Speaker: Jason R. Trelewicz, Stony Brook University 

Past metallurgist: William D. Coolidge

William Coolidge’s seminal paper on Ductile Tungsten presented at the 249th Meeting of the American Institute of Electrical Engineers in 1910 began with: “When work was first started on the problem of producing a ductile form of tungsten, the metal looked very uncompromising. It was so hard that it could not be filed without detriment to the file, and was, at ordinary temperatures, very brittle.” Such a dispiriting view was not surprising, as up to this point, carbon filaments were the technology of choice but suffered from being extremely brittle with short lifetimes. Coolidge, learning from prior experiments on tungsten-based ‘amalgams’, solved the ductility problem in tungsten by tediously controlling the mechanical working process while reducing manufacturing impurities, concluding in the same publication that “the product which we now have is a perfectly pliable ductile wire, which has the strength of steel”. Over a century after Coolidge established the foundation for the incandescent lightbulb revolution, we appear to be at a similar crossroads with tungsten – albeit for constructing high heat flux components for future fusion reactors. This talk describes how Coolidge’s work has inspired our own pursuits in designing stable nano-engineered tungsten alloys for fusion reactor components using grain boundary solute segregation synergistically with nano-dispersed carbide precipitation. With alloy stability demonstrated above common recrystallization temperatures for tungsten and under high-dose irradiation, our findings provide a new foundation for nano-engineered tungsten alloy fusion reactor components rooted in the microstructure control initially pioneered by Coolidge.

Seeing is believing!

Speaker:  Maria Teresa Perez-Prado, IMDEA Materials Institute

Past Metallurgist:  Max von Laue and Seishi Kikuchi

This lecture honors physicists Max von Laue (1879-1960) and Seishi Kikuchi (1902-1974) who despite living in times of major political upheaval and having limited resources made key discoveries related to X-ray and electron diffraction that enabled great progress in metals characterization. Max von Laue was awarded a Nobel Prize in 1914 for his discovery the diffraction of X-rays on crystals. In 1928 Seishi Kikuchi first observed and explained the lines that appear in diffraction patterns of diffusely scattered electrons.
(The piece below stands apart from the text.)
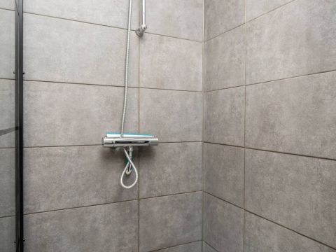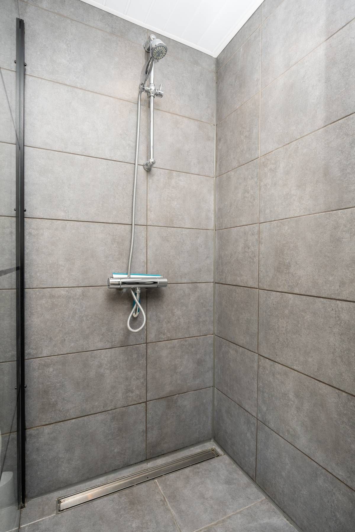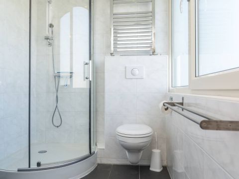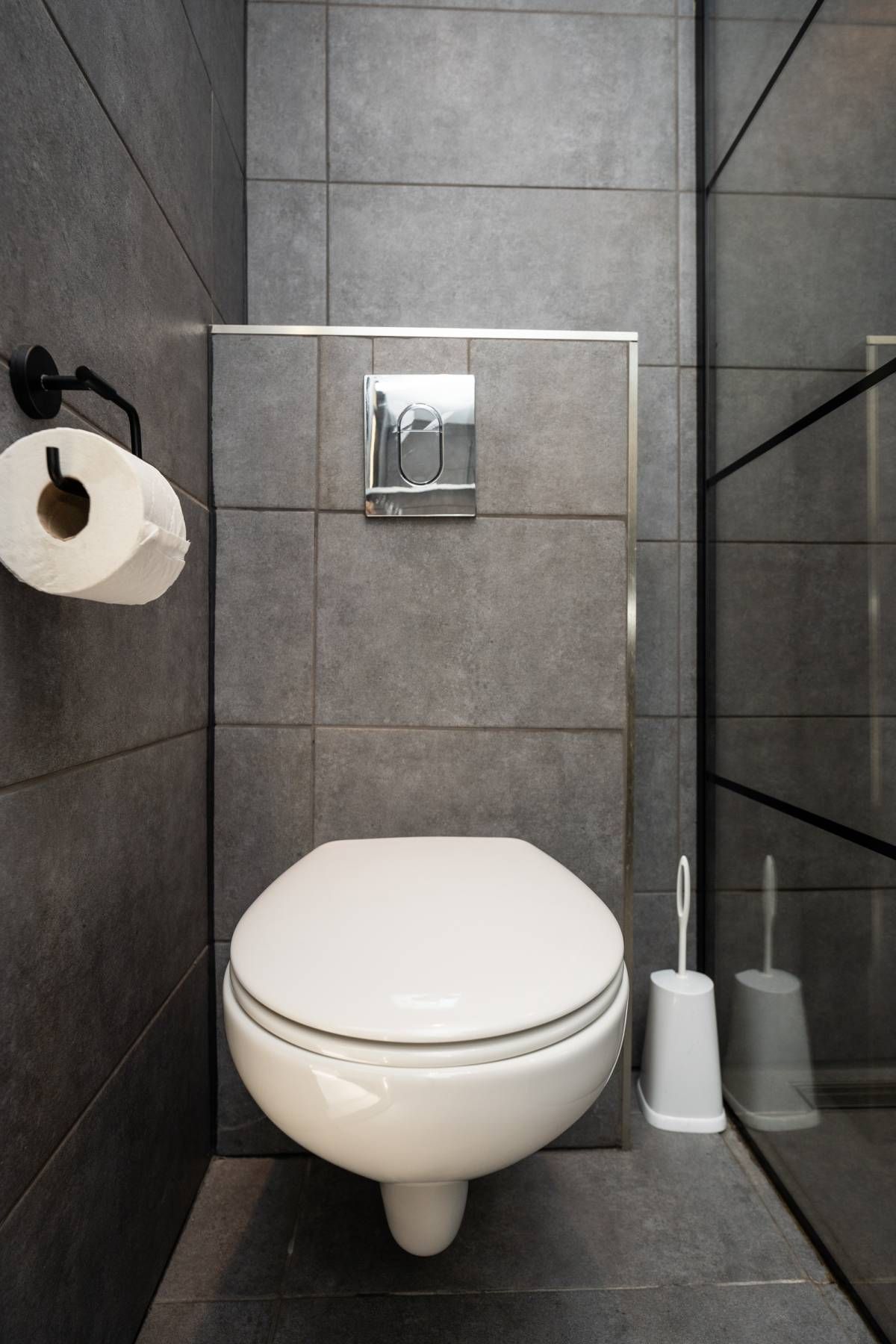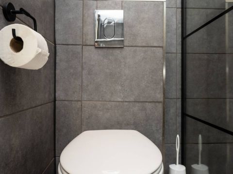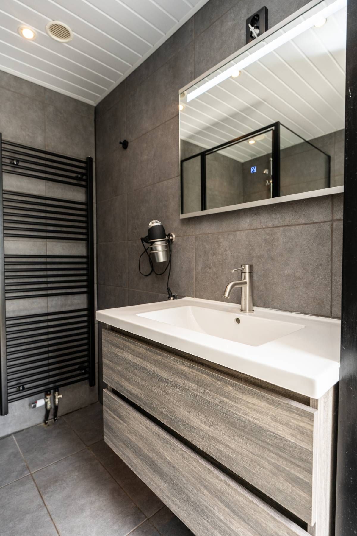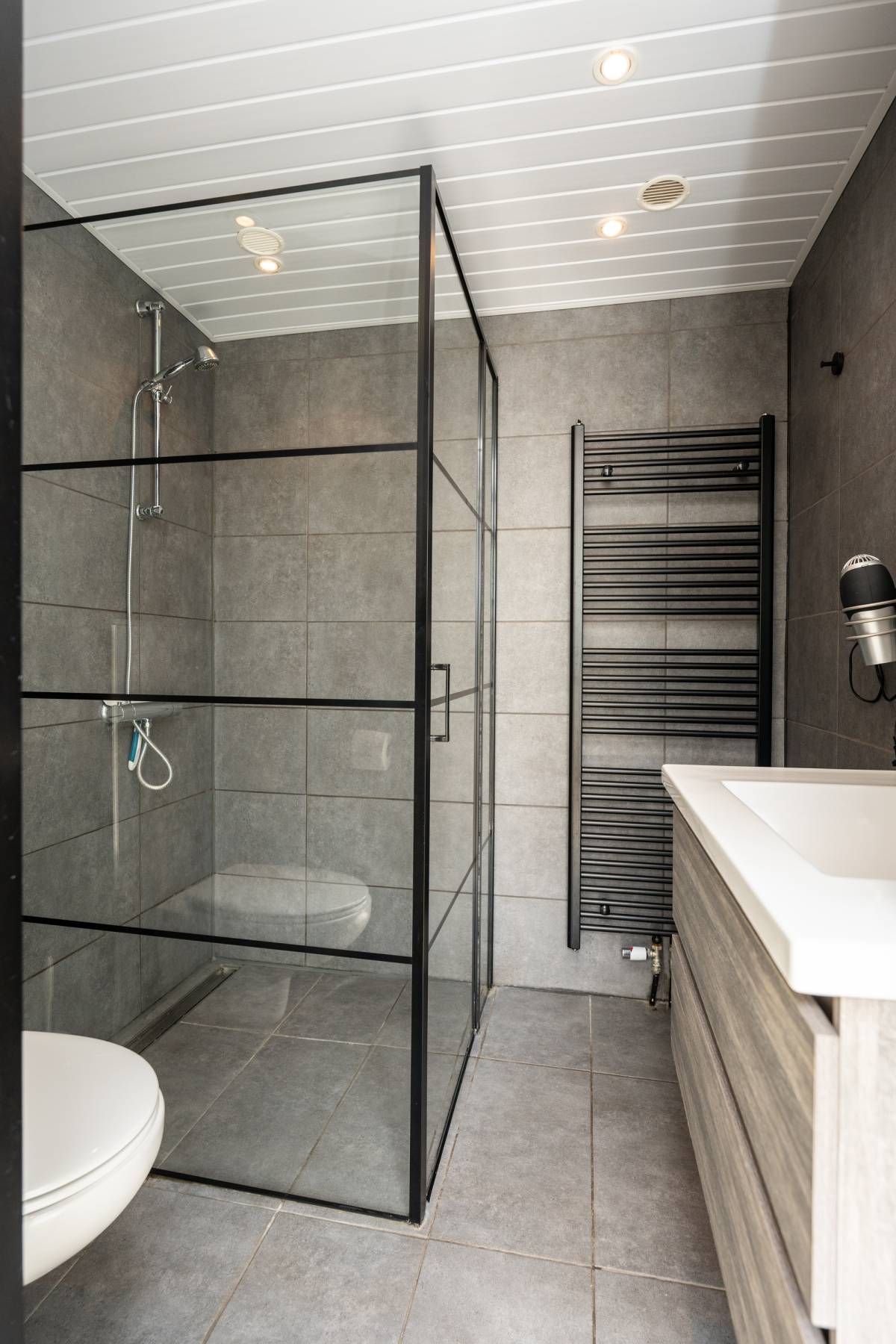 De stijlvolle en luxe badkamer is voorzien van een inloopdouche, een modern wastafelmeubel en een toilet. Ideaal voor wie gelijks vloer verblijft in de woning.

“Seeing is believing” alludes to the pivotal role that the characterization techniques developed based on the findings of these great scientists have had in advancing metallurgical research. Focus will be placed on electron backscattered diffraction (EBSD), which uses Kikuchi patterns as the raw data to determine crystal orientation, and which has become a mainstream characterization method following its first commercialization at the end of the last century.

Examples of application of EBSD to understand Hall-Petch effects and the 3D nature of twinning in magnesium alloys will be given.

Under Pressure – The Lasting Impact of Percy Bridgman on Processing in Extreme Conditions

Speaker:  Suveen Mathaudhu, Colorado School of Mines

Past Metallurgist:  Percy Bridgman 

Abstract:  Percy Bridgman (1882 – 1961) received the 1946 Nobel Prize in Physics for his studies of matter under high pressure.   His studies of the effects of high pressure and thermodynamic behavior were extensively investigated at pressures of up to 10 GPa through his “fertile mechanical imagination”, which improved on instruments capping out at 0.3GPa at the time.  These instruments allowed the study of compressibility, electric and thermal conductivity, tensile strength and viscosity of more than 100 different materials, including the study of metals such as plutonium and uranium for the Manhattan Project.  It the decades following Bridgman’s seminal instruments and discoveries, the understanding of the behavior of materials has exploded based on rotational diamond anvil and high pressure torsion studies.  In this lecture, we will journey through Bridgman’s life and discoveries, and lead into how they have influenced our modern understanding of both metallic and geological materials under extreme pressures, shears and temperatures. 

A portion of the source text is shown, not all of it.